§ **THE DATA**:

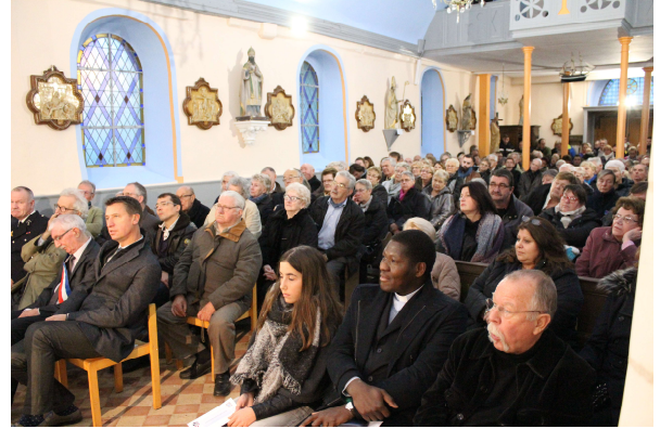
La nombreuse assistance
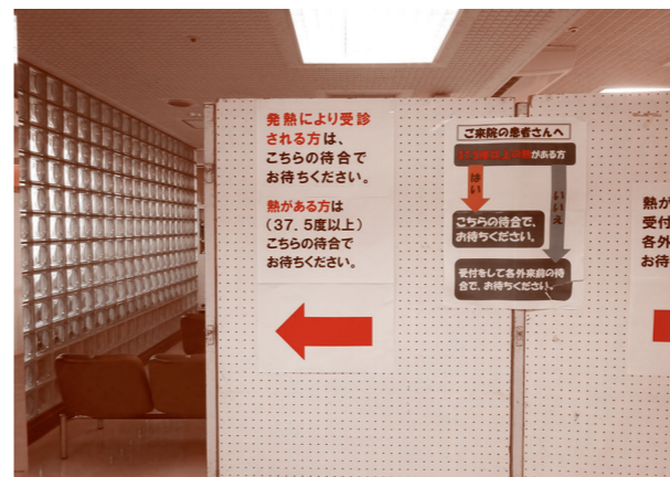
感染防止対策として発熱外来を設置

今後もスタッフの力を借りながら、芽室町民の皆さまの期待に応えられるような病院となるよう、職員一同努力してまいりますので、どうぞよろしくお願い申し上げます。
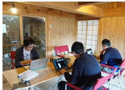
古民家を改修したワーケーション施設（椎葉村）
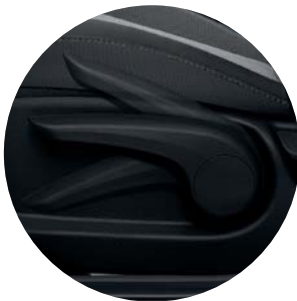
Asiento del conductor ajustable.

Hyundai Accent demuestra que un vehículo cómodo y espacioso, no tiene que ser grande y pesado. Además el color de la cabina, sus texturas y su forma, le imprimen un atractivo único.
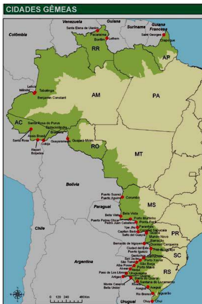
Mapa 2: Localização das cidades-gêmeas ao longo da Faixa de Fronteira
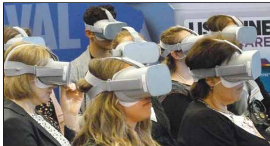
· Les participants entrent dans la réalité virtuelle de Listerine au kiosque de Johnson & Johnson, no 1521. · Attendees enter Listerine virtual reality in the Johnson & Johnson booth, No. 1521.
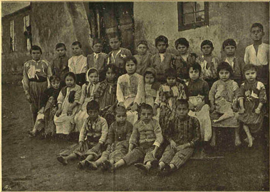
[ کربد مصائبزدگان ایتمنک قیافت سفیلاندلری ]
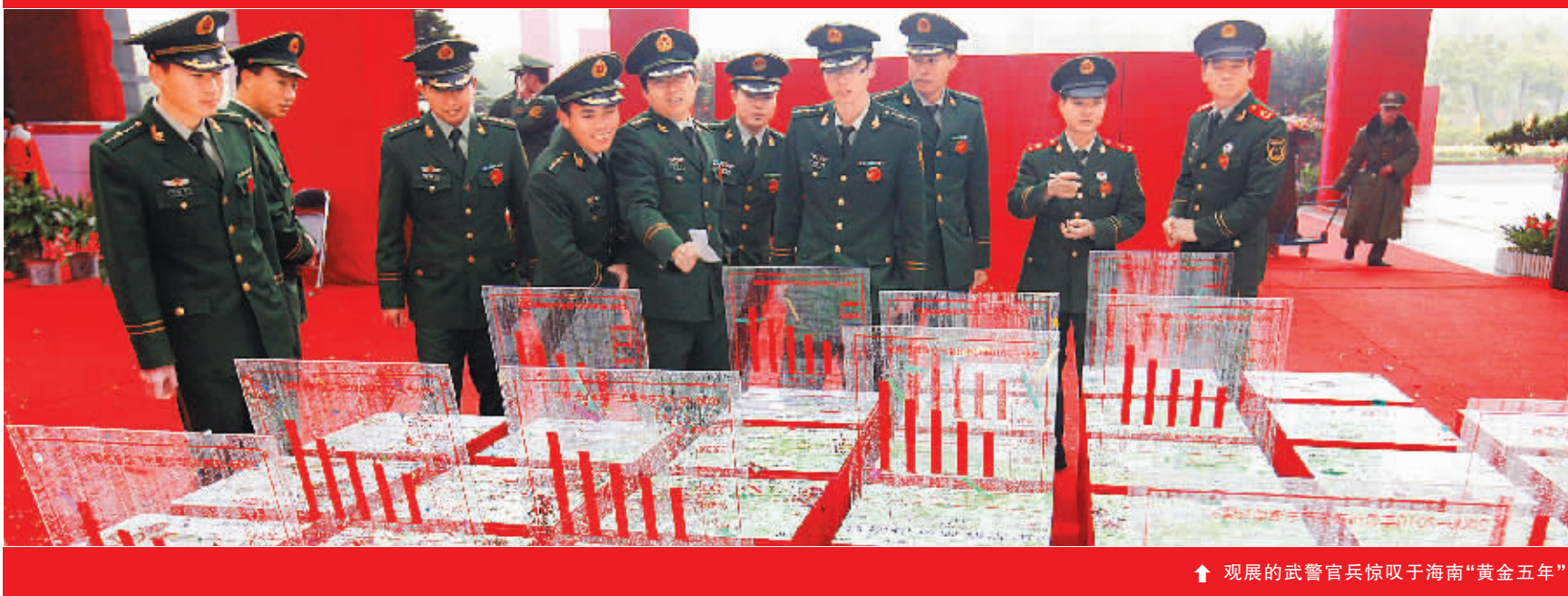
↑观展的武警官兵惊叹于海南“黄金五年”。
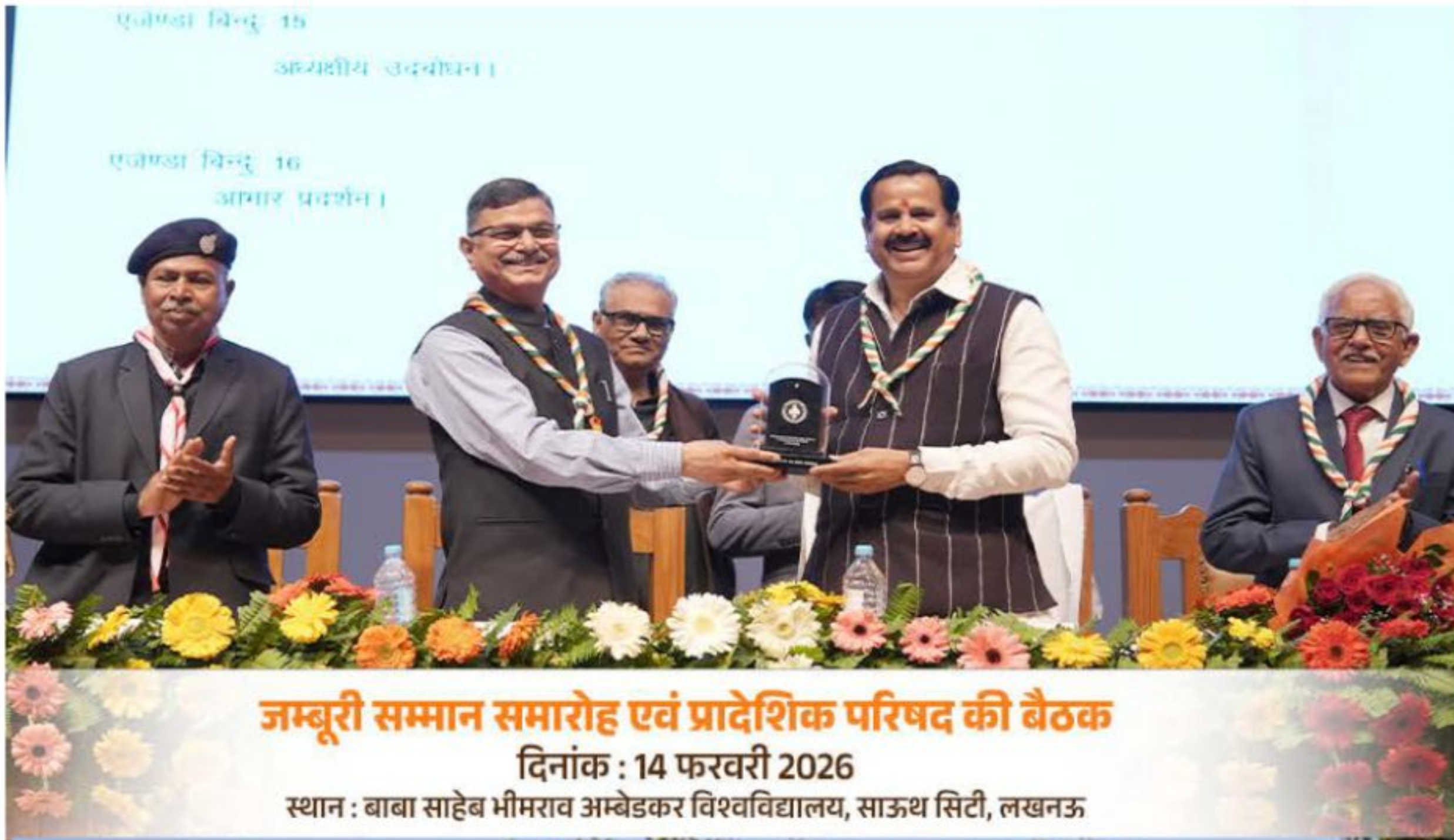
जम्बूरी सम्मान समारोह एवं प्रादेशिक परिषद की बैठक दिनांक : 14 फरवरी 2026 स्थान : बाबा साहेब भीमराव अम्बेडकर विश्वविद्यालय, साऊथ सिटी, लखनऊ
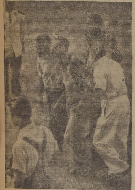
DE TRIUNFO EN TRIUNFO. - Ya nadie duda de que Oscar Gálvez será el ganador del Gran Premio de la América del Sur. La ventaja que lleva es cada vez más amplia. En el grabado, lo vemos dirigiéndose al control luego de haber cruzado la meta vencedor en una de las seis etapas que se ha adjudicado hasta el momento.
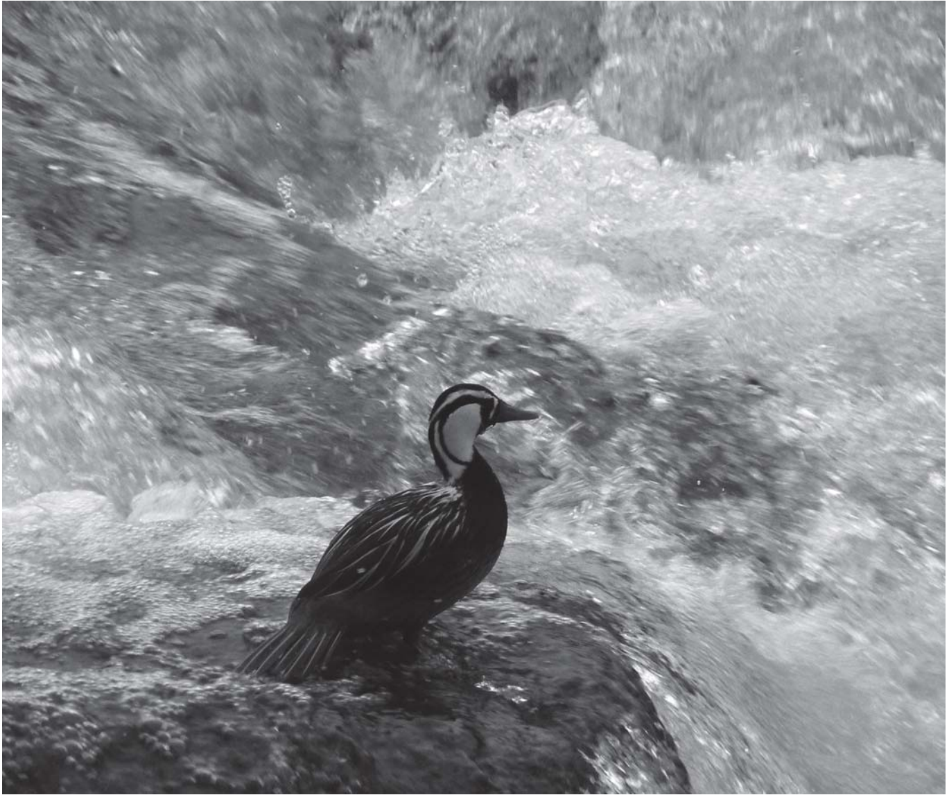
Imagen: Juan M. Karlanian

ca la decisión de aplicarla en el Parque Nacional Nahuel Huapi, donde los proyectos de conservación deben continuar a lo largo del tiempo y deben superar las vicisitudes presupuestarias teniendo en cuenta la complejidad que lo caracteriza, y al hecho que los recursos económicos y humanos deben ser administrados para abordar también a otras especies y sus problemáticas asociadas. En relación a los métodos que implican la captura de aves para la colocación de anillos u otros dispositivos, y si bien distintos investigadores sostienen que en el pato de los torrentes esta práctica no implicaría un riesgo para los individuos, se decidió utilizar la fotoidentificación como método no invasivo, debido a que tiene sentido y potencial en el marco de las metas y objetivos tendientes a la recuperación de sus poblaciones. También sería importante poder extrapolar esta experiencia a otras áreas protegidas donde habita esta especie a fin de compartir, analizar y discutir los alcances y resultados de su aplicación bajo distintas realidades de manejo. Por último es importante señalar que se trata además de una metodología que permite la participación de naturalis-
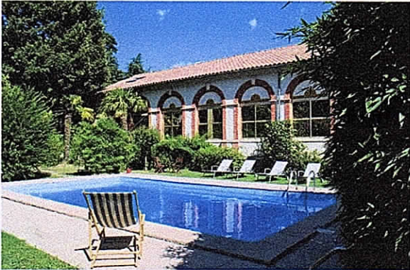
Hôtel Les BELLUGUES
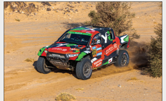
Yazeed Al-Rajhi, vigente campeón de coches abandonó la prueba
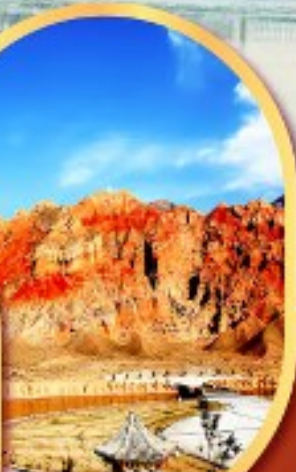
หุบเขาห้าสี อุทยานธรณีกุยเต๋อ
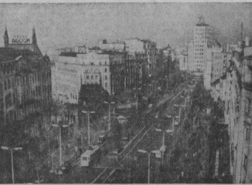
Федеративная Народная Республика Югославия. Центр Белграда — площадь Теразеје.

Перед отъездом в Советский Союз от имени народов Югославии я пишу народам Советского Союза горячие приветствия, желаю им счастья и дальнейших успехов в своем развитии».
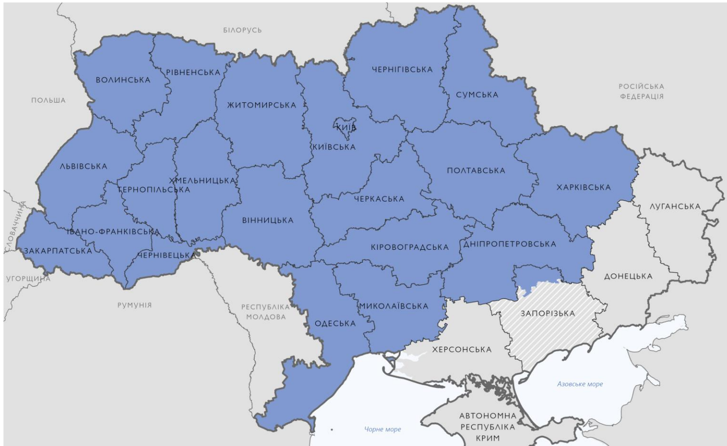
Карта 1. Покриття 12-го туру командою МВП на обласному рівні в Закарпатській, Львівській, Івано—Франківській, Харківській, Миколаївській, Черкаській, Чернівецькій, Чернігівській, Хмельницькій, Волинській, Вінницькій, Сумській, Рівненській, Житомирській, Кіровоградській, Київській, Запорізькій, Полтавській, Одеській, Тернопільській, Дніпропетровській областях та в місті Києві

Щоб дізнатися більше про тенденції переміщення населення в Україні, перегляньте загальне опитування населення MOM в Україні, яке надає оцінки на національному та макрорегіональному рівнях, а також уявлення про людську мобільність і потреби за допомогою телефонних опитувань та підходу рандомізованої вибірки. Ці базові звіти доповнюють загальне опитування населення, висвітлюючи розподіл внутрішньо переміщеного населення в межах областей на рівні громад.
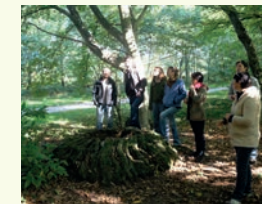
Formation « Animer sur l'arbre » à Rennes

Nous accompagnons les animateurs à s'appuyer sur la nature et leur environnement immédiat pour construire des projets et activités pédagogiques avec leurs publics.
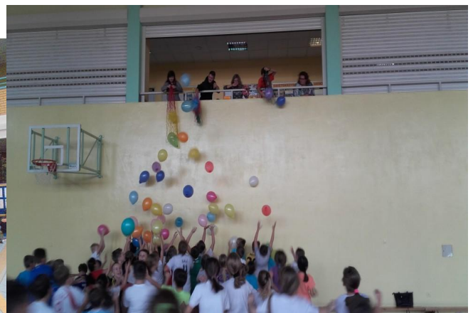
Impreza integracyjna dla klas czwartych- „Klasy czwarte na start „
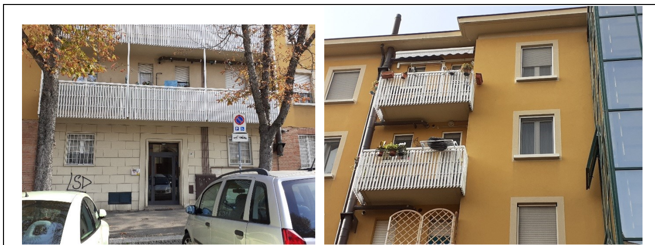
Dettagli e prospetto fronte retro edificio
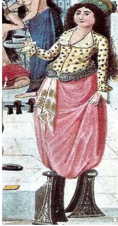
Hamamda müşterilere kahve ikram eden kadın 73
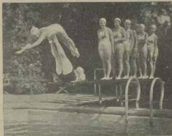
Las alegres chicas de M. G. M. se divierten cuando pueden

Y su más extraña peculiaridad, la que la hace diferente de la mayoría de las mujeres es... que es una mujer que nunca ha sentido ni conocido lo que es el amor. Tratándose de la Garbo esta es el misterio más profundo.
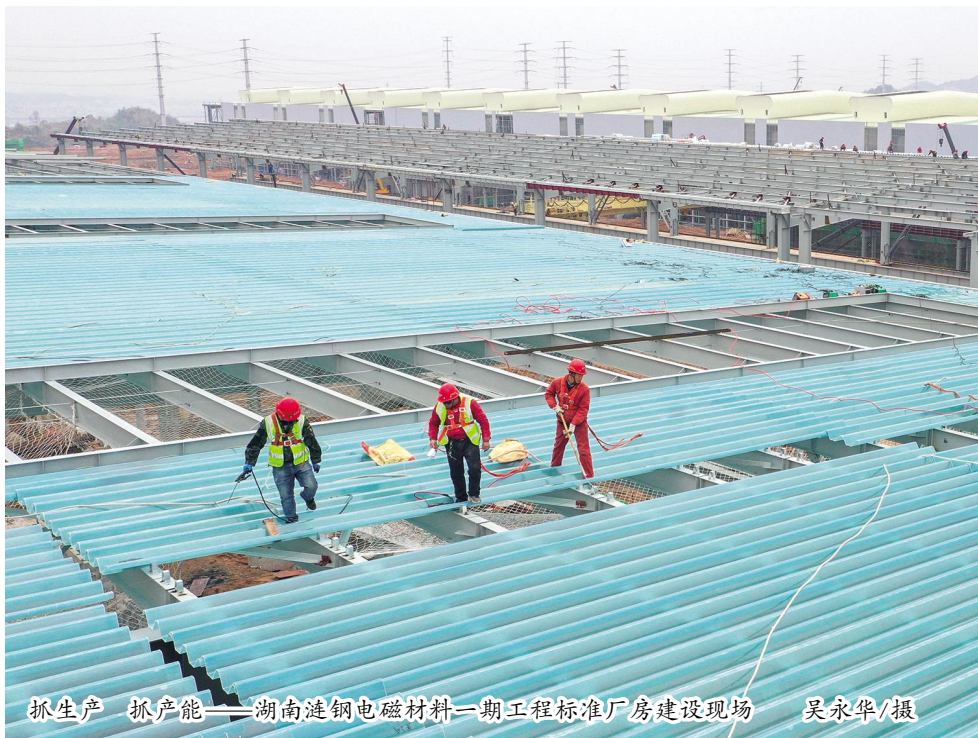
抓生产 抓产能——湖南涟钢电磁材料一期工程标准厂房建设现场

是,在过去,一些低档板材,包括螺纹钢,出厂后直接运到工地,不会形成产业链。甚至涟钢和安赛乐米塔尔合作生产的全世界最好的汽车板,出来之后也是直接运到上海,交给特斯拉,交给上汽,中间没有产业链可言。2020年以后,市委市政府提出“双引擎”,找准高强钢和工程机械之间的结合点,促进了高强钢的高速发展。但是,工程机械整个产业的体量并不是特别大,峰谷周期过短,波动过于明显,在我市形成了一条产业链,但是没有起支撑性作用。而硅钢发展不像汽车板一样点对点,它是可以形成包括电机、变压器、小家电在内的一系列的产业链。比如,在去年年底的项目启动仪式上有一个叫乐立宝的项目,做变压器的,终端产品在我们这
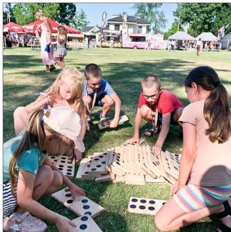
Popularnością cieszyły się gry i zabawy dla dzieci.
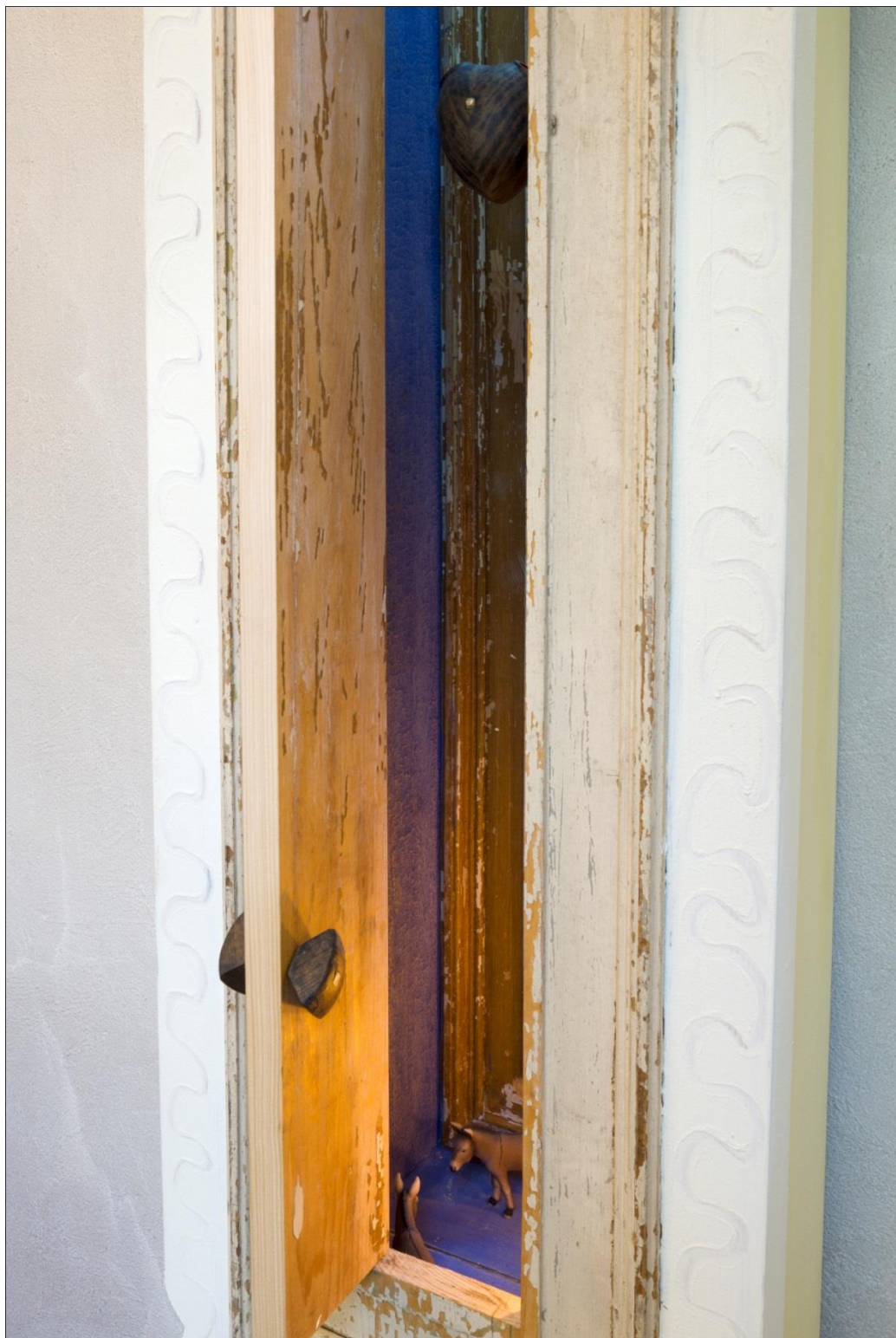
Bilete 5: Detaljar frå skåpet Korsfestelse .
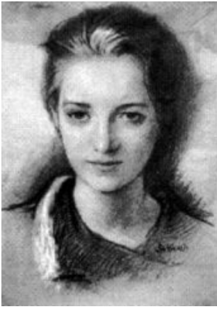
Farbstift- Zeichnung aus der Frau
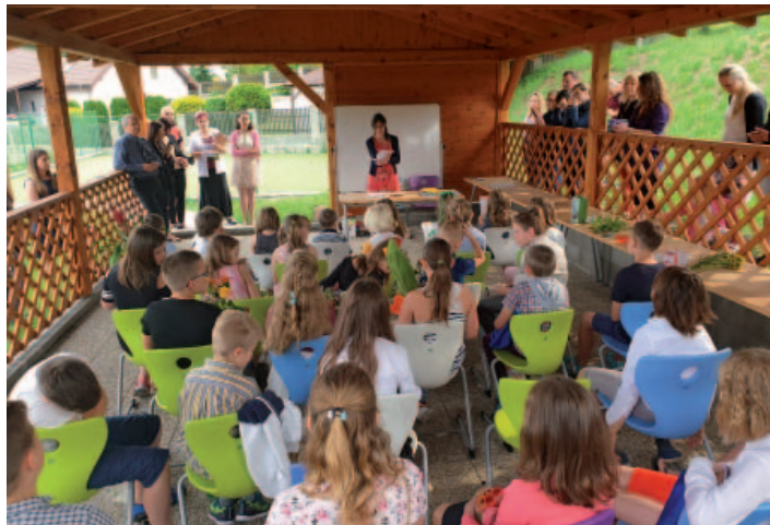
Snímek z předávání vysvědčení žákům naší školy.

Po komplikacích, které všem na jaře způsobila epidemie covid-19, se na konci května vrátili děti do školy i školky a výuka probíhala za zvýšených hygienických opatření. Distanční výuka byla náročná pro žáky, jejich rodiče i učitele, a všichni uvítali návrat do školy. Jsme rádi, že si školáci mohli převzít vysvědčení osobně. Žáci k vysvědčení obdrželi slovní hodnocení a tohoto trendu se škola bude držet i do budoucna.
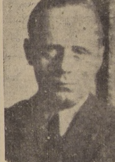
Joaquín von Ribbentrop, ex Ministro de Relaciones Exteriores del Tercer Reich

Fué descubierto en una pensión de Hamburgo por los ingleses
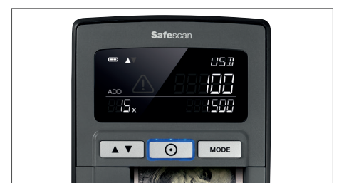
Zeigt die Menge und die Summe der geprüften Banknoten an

§ **YOUR TASK**: Your answer must be an exact copy of the lines from the start of the entries through the line with "Imagen: Juan M. Karlanian", with no pictures.

§ **RESULT OF THIS TASK**:
La nombreuse assistance
感染防止対策として発熱外来を設置

今後もスタッフの力を借りながら、芽室町民の皆さまの期待に応えられるような病院となるよう、職員一同努力してまいりますので、どうぞよろしくお願い申し上げます。
古民家を改修したワーケーション施設（椎葉村）
Asiento del conductor ajustable.

Hyundai Accent demuestra que un vehículo cómodo y espacioso, no tiene que ser grande y pesado. Además el color de la cabina, sus texturas y su forma, le imprimen un atractivo único.
Mapa 2: Localização das cidades-gêmeas ao longo da Faixa de Fronteira
· Les participants entrent dans la réalité virtuelle de Listerine au kiosque de Johnson & Johnson, no 1521. · Attendees enter Listerine virtual reality in the Johnson & Johnson booth, No. 1521.
[ کربد مصائبزدگان ایتمنک قیافت سفیلاندلری ]
↑观展的武警官兵惊叹于海南“黄金五年”。
जम्बूरी सम्मान समारोह एवं प्रादेशिक परिषद की बैठक दिनांक : 14 फरवरी 2026 स्थान : बाबा साहेब भीमराव अम्बेडकर विश्वविद्यालय, साऊथ सिटी, लखनऊ
DE TRIUNFO EN TRIUNFO. - Ya nadie duda de que Oscar Gálvez será el ganador del Gran Premio de la América del Sur. La ventaja que lleva es cada vez más amplia. En el grabado, lo vemos dirigiéndose al control luego de haber cruzado la meta vencedor en una de las seis etapas que se ha adjudicado hasta el momento.
Imagen: Juan M. Karlanian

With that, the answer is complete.